Trimler was beginning to understand Kamigami’s concern. It was a very finely drawn point that many of his fellow officers would consider a fit subject for a chat with a psychiatrist, not worthy of long discussion between a commander and his CSM. But that was what gave a unit like Delta a razor-sharp cutting edge—the very edge that could make all the difference when they were up against a fanatical enemy. “So what do we concentrate on?” the colonel asked.

“Killing,” Kamigami answered.

“Any idea which of our men aren’t up to it?”
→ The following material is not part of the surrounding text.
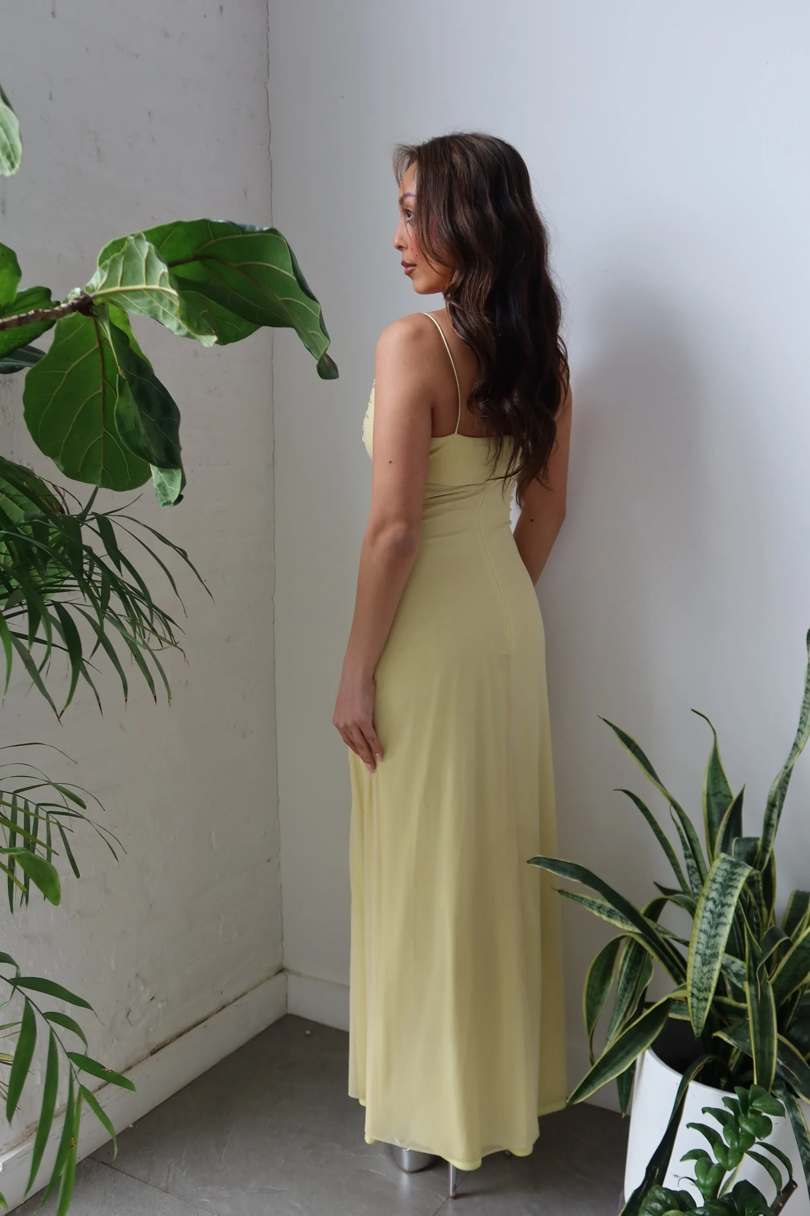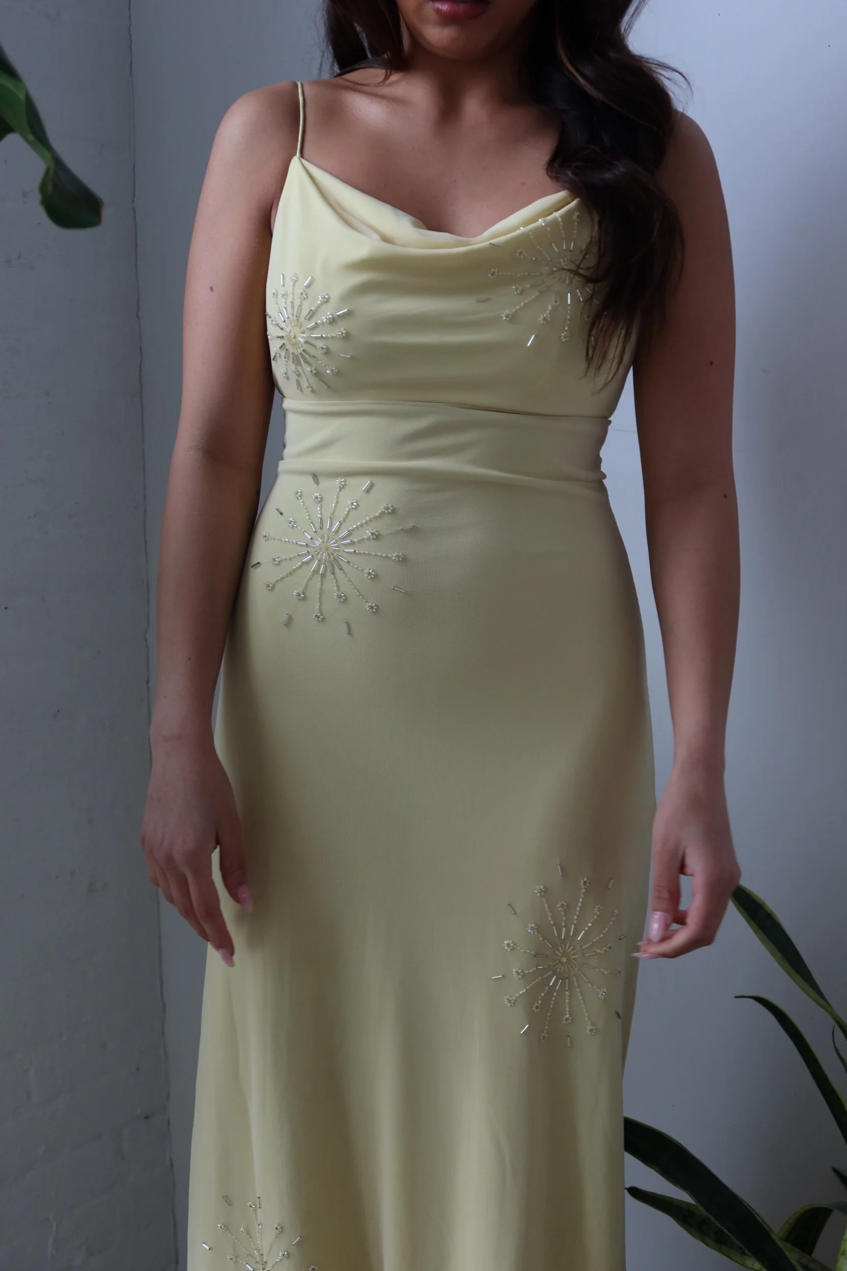 Soft and ethereal, this De Laru gown features a delicate buttery yellow tone with intricate beaded starburst detailing scattered throughout, catching the light beautifully with every movement. The sleek, body-skimming silhouette creates an effortlessly elegant, luminous look. Perfect for Prom!

“As of now, I don’t know. But I know how to find out.” Trimler didn’t answer and only looked at his GSM. “We assume everybody needs to be refocused,” Kamigami said. “And we start with you and me.” He pushed the door to the Shooting House open and called for the NCO in charge.

 

The sergeant in charge of the Delta’s Shooting House was detailing the exercise Kamigami had laid on. “This is a routine part of our training,” the NCO said, more concerned with impressing the CSM than Trimler. He sketched a diagram of the exercise room, explaining the setup. “The three dummies standing around the room holding weapons are terrorists. The dummy tied to the chair is the hostage. A four-man team will clear the room, killing the terrorists and releasing the hostage. A cut-and-dried operation.”

“Then anyone in Delta can do it?” Kamigami asked.